Cytosol and nucleus fractionation and western blotting analysis

SW480 cells were treated with the henryin in 6-well plates. Fractionated nuclear and cytosolic lysates were obtained using nuclear extraction buffer and hypotonic lysis buffer, respectively. All protein extraction buffers were supplemented with Complete protease inhibitor cocktail and phosphatase inhibitor cocktail (Roche). The protein concentration of each crude lysate was determined using the Enhanced BCA Protein Assay Kit (Beyotime, Shanghai, China). The normalized amounts of the lysate samples were loaded on SDS-PAGE and transferred to the polyvinylidene difluoride (PVDF) membranes (Millipore, Bedford, MA, USA). Immunoblotting was performed using antibodies detecting phospho-β-catenin (Ser33/37/Thr41), β-catenin, Axin2, CyclinD1, C-myc, Survivin, P21, TCF4, with Lamin A/C and β-actin used as loading controls. HRP conjugated anti-mouse IgG and anti-rabbit IgG were used as secondary antibodies. SuperSignal West Pico Chemiluminescent Substrate (Thermo scientific) was used to detect chemiluminescence, and blots were imaged using the Luminescent Image Analyzer LAS-4000mini System (GE, USA).
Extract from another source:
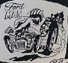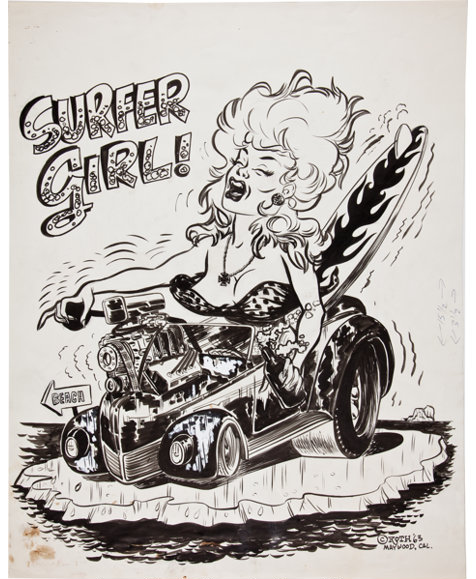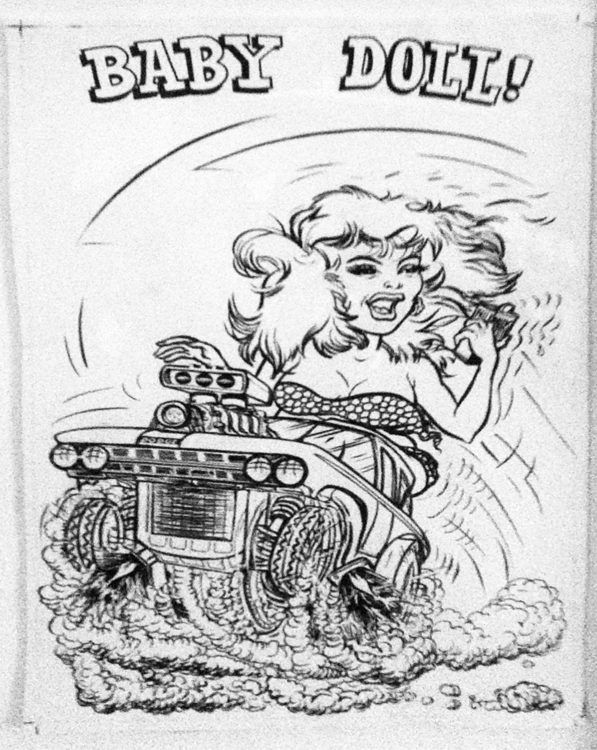 By early 1963 the T-shirts "Big Daddy" Roth was offering through magazine ads featured standardized images applied to the T-shirts by a silk-screening process. Many/most of the designs pictured in the ad below were line art renderings by Carl Kohler who together with Pete Millar had founded CARtoons magazine in 1959. These early finished renderings for silk-screening purposes seem quite crude by later standards:

Co-immunoprecipitation analysis

SW480 cells were cultured in 6-well plates, treated with henryin and its analogs enmenol and minheryin C for 12h, lysed in protein lysis buffer (50 mM Tris-HCl, pH 7.4, 150mM NaCl, 1% Triton X-100, 1mM EDTA, and proteinase inhibitors) and centrifuged at 14000×g for 15 min at 4°C. The supernatant was incubated with a specific primary antibody overnight at 4°C and then incubated with A/G PLUS agarose (Santa Cruz Biotechnology, Inc.) for at least 2h. Beads were then washed five times and re-suspended in 50 µl SDS loading buffer. Western blot analysis was performed on the samples.

In vitro binding assay

To assay the effect of compounds in inhibiting β-catenin/TCF4 binding, purified recombinant proteins β-catenin (0.8µg) and TCF4 (0.5µg) were incubated with henryin and its analogs enmenol and minheryin C at indicated concentrations at 4°C for 2h, respectively. β-catenin/TCF4 complexes were pulled down using protein A/G PLUS agarose beads saturated with β-catenin antibody. Detection was then performed using TCF4 antibody in western blotting analysis.

Cell cycle analysis

HCT116 cells (5×10⁵cells/well in 12-well plates) were incubated with henryin for 0h, 12h and 24h, respectively. All adherent cells were collected and washed twice with PBS. Cells were fixed with 70% ethanol overnight. Fixed cells were washed with PBS, and then stained with a 50µg/ml propidium iodide (PI) solution containing 50µg/ml RNase A for 30 min at room temperature. Fluorescence intensity was analyzed by FACSCalibur1 flow cytometer (BD Biosciences, San Jose, CA, USA). The percentages of the cells distributed in different phases of the cell cycle were determined using ModFIT LT 2.0.

Statistics

Data are presented as the mean ± SD for the indicated numbers of independently performed experiments. Non-linear regression analysis for the calculation of GI₅₀ or IC₅₀ values was performed by TableCurve. Statistical significance was analyzed by Student’s t-test or one-way ANOVA in SigmaStat 3.1. Differences were considered to be statistically significant when P < 0.05.

Results

Henryin selectively inhibits the growth of colorectal cancer cells and induces G1 phase arrest of the cell cycle

The growth inhibition effects of henryin on human cancer cells were primarily evaluated with MTS assays. As shown in Figure 1B, henryin exhibited stronger growth inhibitory effects on the colon cancer cells (SW480, HT-29 and HCT116) than any other types of cancerous (lung cancer cell line A549) or normal cells (human normal colonic epithelial cell line CCD-841-CoN and normal lung epithelial cell line Beas-2B). As a control, cisplatin had similar inhibitory effects among all the different cell lines studied (Figure 1C). Analysis of the GI₅₀ values of henryin and cisplatin on the different cell lines also supported the observation that henryin had a selective inhibitory effect on colon cancer cells (Figure 1D). The growth inhibitory effects of henryin on SW480 cells showed a time-dose dependent manner (data not shown). Cell cycle analysis showed that the cells were arrested at the G1 phase in HCT116 cells treated with henryin in a time-dependent manner (Figure 1E). These results together suggest that henryin exhibited selective growth inhibition on colorectal cancer cells.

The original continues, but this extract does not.